----- Records
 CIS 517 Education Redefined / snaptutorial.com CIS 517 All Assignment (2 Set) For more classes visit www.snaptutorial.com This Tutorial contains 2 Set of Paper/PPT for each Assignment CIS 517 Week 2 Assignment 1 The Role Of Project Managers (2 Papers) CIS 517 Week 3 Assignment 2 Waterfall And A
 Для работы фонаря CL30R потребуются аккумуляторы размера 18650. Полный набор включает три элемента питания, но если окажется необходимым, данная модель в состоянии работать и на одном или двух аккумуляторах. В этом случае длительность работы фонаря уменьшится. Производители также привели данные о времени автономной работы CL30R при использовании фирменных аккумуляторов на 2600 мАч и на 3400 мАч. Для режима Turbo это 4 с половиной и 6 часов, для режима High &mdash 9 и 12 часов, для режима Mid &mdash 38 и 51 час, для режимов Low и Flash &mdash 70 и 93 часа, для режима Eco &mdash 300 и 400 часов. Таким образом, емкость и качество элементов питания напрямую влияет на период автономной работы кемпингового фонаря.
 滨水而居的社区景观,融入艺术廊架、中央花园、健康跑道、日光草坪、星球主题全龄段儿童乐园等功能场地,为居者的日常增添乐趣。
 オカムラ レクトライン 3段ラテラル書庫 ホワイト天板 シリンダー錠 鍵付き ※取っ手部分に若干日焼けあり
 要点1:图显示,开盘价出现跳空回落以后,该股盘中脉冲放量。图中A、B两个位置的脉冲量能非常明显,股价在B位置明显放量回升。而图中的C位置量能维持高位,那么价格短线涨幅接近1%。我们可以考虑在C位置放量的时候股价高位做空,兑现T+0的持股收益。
----------
----- Records
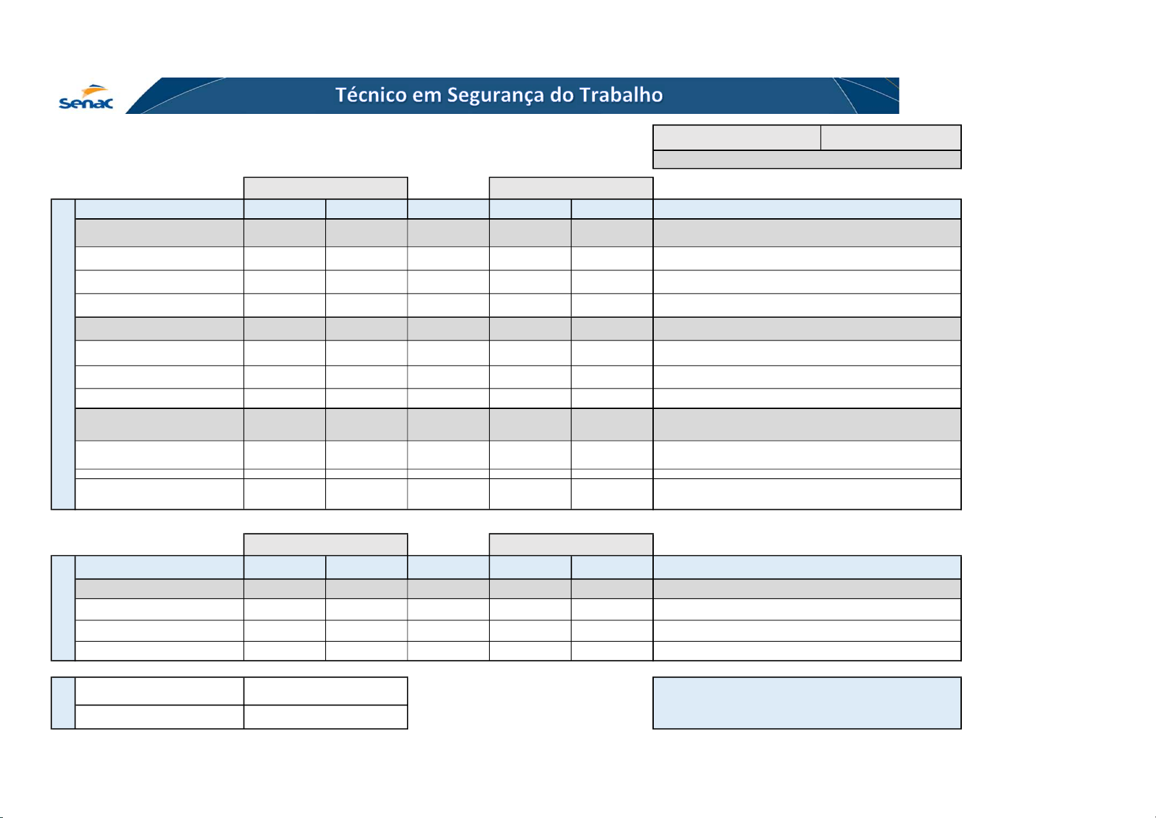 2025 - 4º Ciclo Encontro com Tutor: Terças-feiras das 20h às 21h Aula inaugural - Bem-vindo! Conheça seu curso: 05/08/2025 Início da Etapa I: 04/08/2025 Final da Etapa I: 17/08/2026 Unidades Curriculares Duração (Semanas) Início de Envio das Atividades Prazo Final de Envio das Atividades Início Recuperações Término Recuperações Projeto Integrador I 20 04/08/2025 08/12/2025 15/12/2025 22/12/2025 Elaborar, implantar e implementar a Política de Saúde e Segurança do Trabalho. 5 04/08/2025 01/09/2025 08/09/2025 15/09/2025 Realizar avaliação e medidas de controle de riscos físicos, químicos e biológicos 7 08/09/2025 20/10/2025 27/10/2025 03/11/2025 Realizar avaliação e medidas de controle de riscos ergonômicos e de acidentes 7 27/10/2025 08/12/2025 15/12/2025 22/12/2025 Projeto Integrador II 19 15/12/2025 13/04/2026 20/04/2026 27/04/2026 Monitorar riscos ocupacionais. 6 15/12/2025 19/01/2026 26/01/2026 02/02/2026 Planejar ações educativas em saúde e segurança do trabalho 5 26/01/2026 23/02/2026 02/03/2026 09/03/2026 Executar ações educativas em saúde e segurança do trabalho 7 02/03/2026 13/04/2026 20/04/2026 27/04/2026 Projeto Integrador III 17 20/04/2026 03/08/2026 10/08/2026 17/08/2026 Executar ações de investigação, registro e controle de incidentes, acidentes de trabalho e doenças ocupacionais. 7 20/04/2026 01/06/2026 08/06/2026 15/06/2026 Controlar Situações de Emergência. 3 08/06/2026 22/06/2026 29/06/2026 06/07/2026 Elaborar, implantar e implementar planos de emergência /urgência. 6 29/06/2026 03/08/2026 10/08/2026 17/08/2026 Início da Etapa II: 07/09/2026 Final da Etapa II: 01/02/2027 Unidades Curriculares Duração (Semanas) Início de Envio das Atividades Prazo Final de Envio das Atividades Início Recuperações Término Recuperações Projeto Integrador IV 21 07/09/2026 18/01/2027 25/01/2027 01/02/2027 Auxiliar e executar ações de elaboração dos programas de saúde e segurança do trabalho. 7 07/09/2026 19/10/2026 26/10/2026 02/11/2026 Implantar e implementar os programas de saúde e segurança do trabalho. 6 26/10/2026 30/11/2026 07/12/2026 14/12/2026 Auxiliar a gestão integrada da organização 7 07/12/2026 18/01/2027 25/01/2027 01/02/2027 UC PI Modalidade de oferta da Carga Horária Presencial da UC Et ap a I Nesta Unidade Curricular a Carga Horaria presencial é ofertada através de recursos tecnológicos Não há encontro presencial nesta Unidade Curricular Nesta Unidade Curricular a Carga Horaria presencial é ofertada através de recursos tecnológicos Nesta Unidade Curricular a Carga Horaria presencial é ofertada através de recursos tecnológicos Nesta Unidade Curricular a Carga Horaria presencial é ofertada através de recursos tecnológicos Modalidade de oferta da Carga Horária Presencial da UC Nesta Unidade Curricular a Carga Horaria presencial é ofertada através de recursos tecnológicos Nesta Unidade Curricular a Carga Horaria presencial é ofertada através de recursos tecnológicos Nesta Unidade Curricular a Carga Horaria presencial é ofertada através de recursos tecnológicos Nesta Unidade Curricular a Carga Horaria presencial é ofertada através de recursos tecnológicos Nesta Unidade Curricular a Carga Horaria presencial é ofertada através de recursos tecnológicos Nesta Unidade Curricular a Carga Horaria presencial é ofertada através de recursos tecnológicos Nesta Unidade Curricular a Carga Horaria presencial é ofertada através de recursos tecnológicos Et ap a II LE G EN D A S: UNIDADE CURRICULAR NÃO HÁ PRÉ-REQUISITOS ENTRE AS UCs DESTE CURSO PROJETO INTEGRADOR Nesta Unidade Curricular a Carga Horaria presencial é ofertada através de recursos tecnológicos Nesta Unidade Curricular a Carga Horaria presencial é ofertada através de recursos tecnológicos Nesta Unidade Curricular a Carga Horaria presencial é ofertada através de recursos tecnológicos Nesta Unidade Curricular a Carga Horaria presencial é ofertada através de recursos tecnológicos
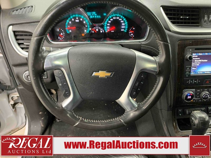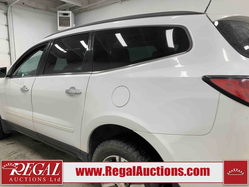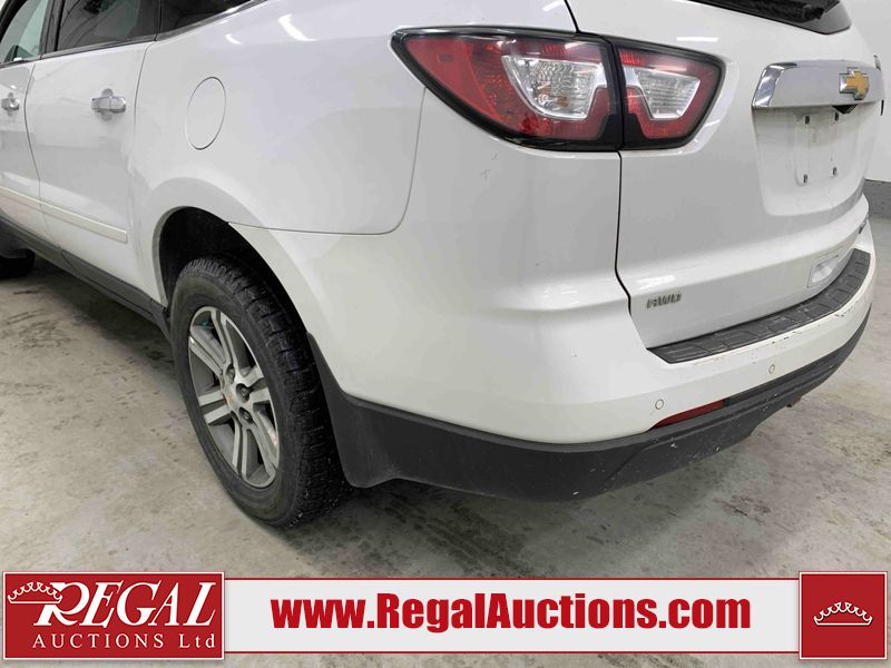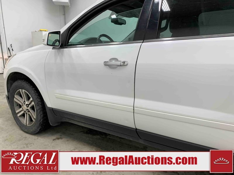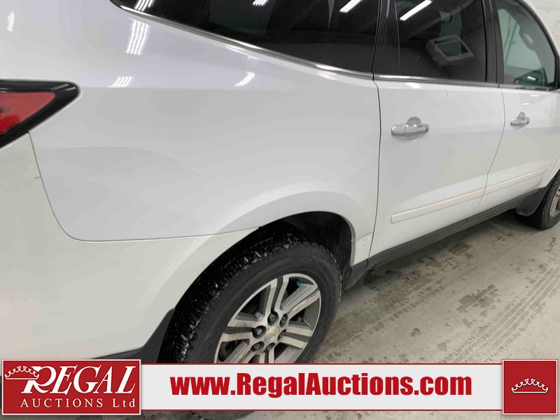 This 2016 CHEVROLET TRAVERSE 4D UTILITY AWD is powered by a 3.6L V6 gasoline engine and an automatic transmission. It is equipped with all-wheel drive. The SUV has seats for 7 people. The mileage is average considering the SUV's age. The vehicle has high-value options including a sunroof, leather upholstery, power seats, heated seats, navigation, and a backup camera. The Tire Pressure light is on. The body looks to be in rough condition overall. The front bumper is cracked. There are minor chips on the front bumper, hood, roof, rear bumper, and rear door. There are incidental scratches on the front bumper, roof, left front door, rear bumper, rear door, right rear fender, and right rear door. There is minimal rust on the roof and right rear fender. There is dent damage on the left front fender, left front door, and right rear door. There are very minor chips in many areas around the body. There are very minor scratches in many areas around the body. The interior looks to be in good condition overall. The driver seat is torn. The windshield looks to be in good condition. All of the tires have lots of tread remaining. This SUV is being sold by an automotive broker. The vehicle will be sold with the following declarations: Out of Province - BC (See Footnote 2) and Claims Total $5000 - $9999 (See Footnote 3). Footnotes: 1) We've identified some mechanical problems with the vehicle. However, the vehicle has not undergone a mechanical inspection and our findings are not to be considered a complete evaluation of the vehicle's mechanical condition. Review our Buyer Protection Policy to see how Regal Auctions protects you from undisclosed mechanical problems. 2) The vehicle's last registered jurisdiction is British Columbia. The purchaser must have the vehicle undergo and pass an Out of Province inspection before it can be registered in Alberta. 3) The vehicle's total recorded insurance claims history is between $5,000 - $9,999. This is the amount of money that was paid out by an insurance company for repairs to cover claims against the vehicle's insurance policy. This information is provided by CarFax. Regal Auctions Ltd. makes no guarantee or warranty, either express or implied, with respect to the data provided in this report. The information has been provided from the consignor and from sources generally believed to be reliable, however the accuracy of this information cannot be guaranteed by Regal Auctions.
----------
* Task item
Everything from the line with "CIS 517 Education" through the line with "要点1:图显示,开盘价出现跳" in the listing above must be retyped exactly, with nothing added.

* Output
 CIS 517 Education Redefined / snaptutorial.com CIS 517 All Assignment (2 Set) For more classes visit www.snaptutorial.com This Tutorial contains 2 Set of Paper/PPT for each Assignment CIS 517 Week 2 Assignment 1 The Role Of Project Managers (2 Papers) CIS 517 Week 3 Assignment 2 Waterfall And A
 Для работы фонаря CL30R потребуются аккумуляторы размера 18650. Полный набор включает три элемента питания, но если окажется необходимым, данная модель в состоянии работать и на одном или двух аккумуляторах. В этом случае длительность работы фонаря уменьшится. Производители также привели данные о времени автономной работы CL30R при использовании фирменных аккумуляторов на 2600 мАч и на 3400 мАч. Для режима Turbo это 4 с половиной и 6 часов, для режима High &mdash 9 и 12 часов, для режима Mid &mdash 38 и 51 час, для режимов Low и Flash &mdash 70 и 93 часа, для режима Eco &mdash 300 и 400 часов. Таким образом, емкость и качество элементов питания напрямую влияет на период автономной работы кемпингового фонаря.
 滨水而居的社区景观,融入艺术廊架、中央花园、健康跑道、日光草坪、星球主题全龄段儿童乐园等功能场地,为居者的日常增添乐趣。
 オカムラ レクトライン 3段ラテラル書庫 ホワイト天板 シリンダー錠 鍵付き ※取っ手部分に若干日焼けあり
 要点1:图显示,开盘价出现跳空回落以后,该股盘中脉冲放量。图中A、B两个位置的脉冲量能非常明显,股价在B位置明显放量回升。而图中的C位置量能维持高位,那么价格短线涨幅接近1%。我们可以考虑在C位置放量的时候股价高位做空,兑现T+0的持股收益。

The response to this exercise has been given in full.